Levittown, 1960. Source: Levittown Public Library

What is your criteria for pro-bono work?

 

I have three criteria, it has to be:

 

  1. Something that I’m interested in that I can make better, and have a lot of creative freedom with
  2. Something where I elevate a certain type of work – by agreeing to do it for free, I have the ability to do something that is going to be widely seen that elevates an area.
  3. Something I just simply believe in and want to see done.

 

Can you give an example?

 

The Public Theatre has been completely free for the past ten years, but that’s my lab. That’s where I experiment and discover things. Something I donated that was completely a gift to New York City was the Parks Department signage. They didn't have any budget to develop signage for the entire city. I’m not talking about the parks funded by the wealthy, just the public parks. I can do it, so I did. They are still rolling it out very slowly, they don’t have a lot of money, but that was something I did as a gift. I wouldn’t say it was a pro-bono project, it was a gift – here you go, fix it up.

 

The third one that was sort of accidental that I ended up getting paid for later was Shake Shack.
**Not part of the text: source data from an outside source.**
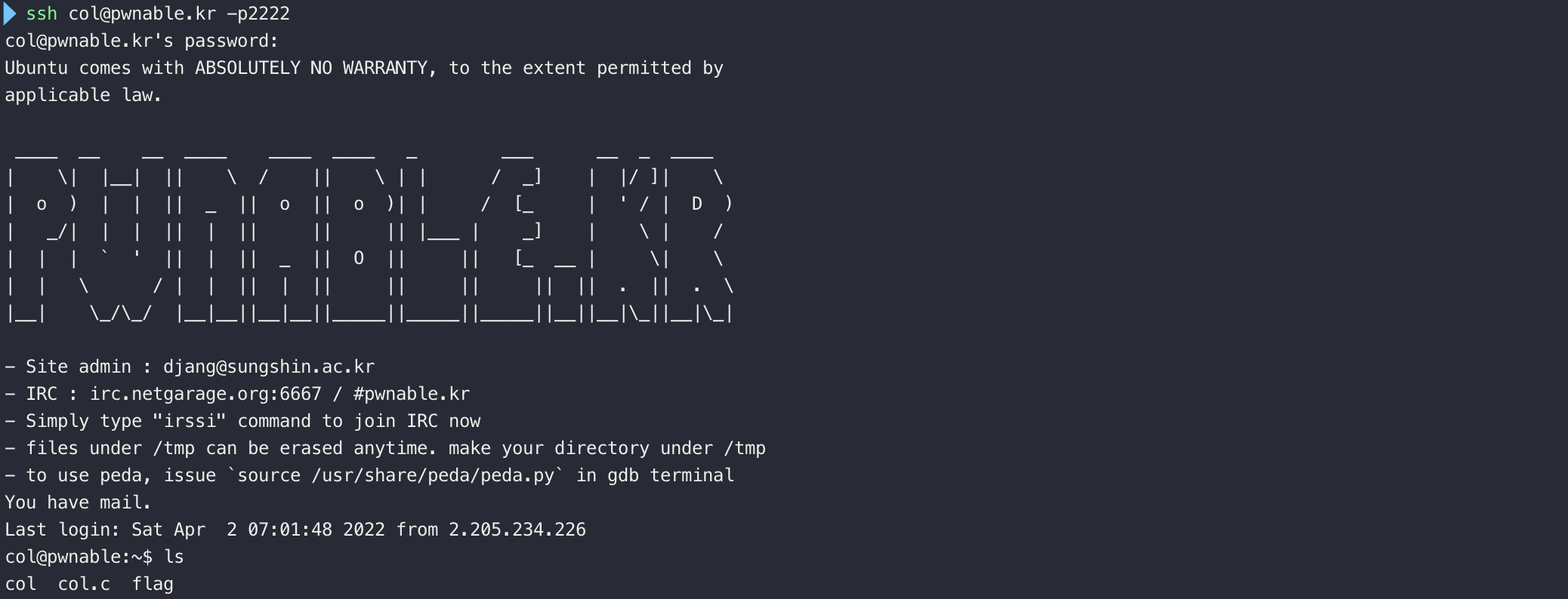 쉘에 접속하여 확인해보니 col 실행파일과 코드가 담겨져 있는 col.c, 그리고 궁극적으로 읽어야 하는 flag 파일이 있었다.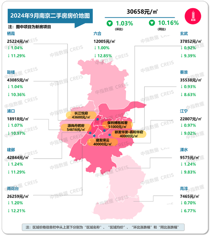 图:2024年9月南京各市辖区二手住宅挂牌均价及环同比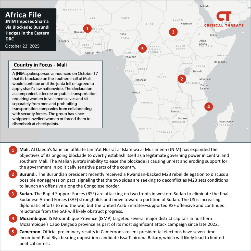 - Burundi. The Burundian president recently received a Rwandan-backed M23 rebel delegation to discuss a possible nonaggression pact, signaling that the two sides are seeking to deconflict as M23 sets conditions to launch an offensive along the Congolese border. Burundi deconflicted with Rwanda in the eastern Democratic Republic of the Congo in early 2025 and is likely trying to do so again to avoid a wider regional war.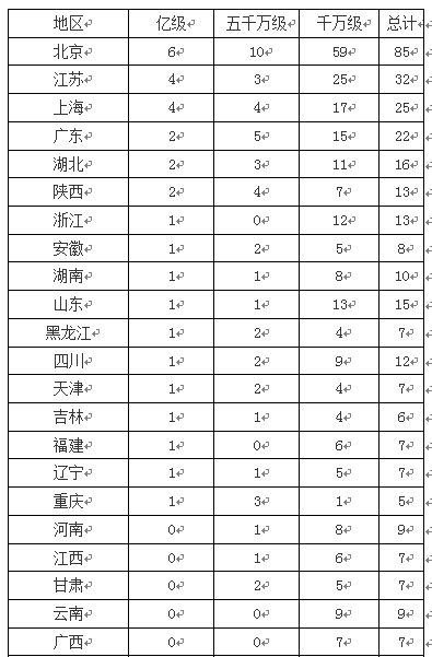 从表4中单一机构获得千万元以上资助的地区分类来看,排在前五位的仍旧是北京、江苏、上海、广东、湖北,与总体数据流一致。其中,青海和西藏没有单一机构获得千万以上资助,这和当地重点科研机构稀缺以及环境恶劣有关。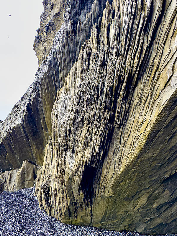 Las paredes de los acantilados de esta bellísima y terrible playa están repletas de señales de una erosión salvaje, que hace las delicias de cualquiera que se pare a mirar. Hay de todo tipo, aunque no son de las que estamos acostumbrados a ver aquí, pues dicha erosión (viento, lluvia y oleaje) actúa sobre rocas de origen volcánico, algo a lo que no estamos acostumbrados por acá. Mínima edición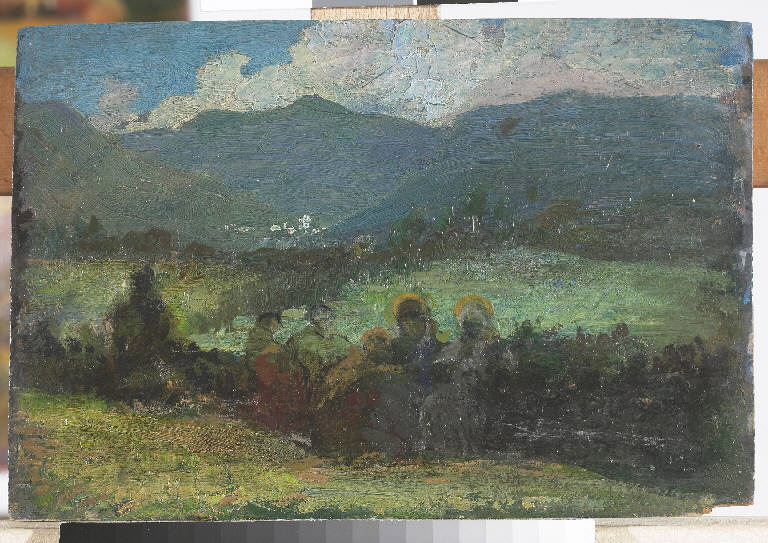- NOTIZIE STORICO CRITICHE Gli scorci montani, cari all'artista e a lungo indagati, costituiscono lo scenario per la rappresentazione di una Sacra Famiglia composta da personaggi che si distinguono appena dall'ambiente naturale.
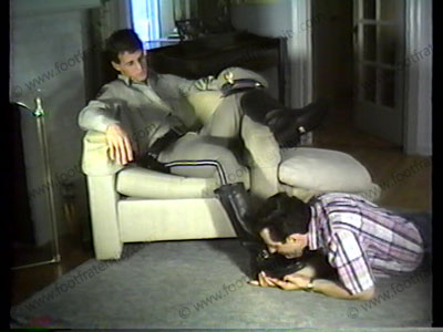 His black leather boots licked clean, soles & tops, then pulled off for much sock sniffing & sock worship, then barefoot service while his superiority comes through in his comments.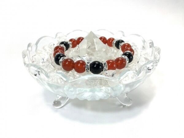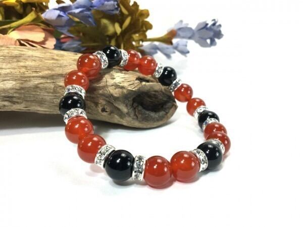 こちらは、赤瑪瑙とオニキスを組み合わせたブレスレットです。間にはロンデルを挟み高級感あるデザインに仕上がっています。石大きさは腕にも馴染みやすいように10mm玉で内周約17cm(伸可能)です。数に限りがございますので気になる方はお早めにどうぞ。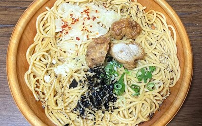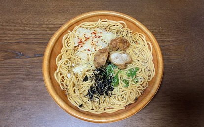キャベツにはシャキシャキとした食感がしっかりとあり、食べ進めていく中での良いアクセントに。存在感のある唐揚げも一緒に味わえるのが特徴です。唐揚げ自体の味付けはシンプルなので、他の具材や味の濃い麺とも相性抜群でした。

I did the identity for them because it was across the street from Pentagram, but what was great about it was this architect named  James Wines, a really wonderful architect, had done a structure that was really unusual for a fast food place, so I could supply graphics that were unusual for a fast food place. So that changed the perception of what your expectations are for a hamburger stand – so that was great. Those sorts of things are the right things to do.

 

Shake Shack identity

Outside of graphics, where does design have the strongest thing to create change?

 

Obviously in transportation, and in the sort of things that improve the quality of life: environmentally, in buildings, in prefab housing, in areas where human beings need to have a better existence, being able to design better public spaces and parks. All those things really matter.

 

You said you keep going because you like to believe you haven’t created your best work. How do you know when you’ve done it?

 

I’ll probably never know. The point isn’t to have done it, because if you’ve done it, you’re done.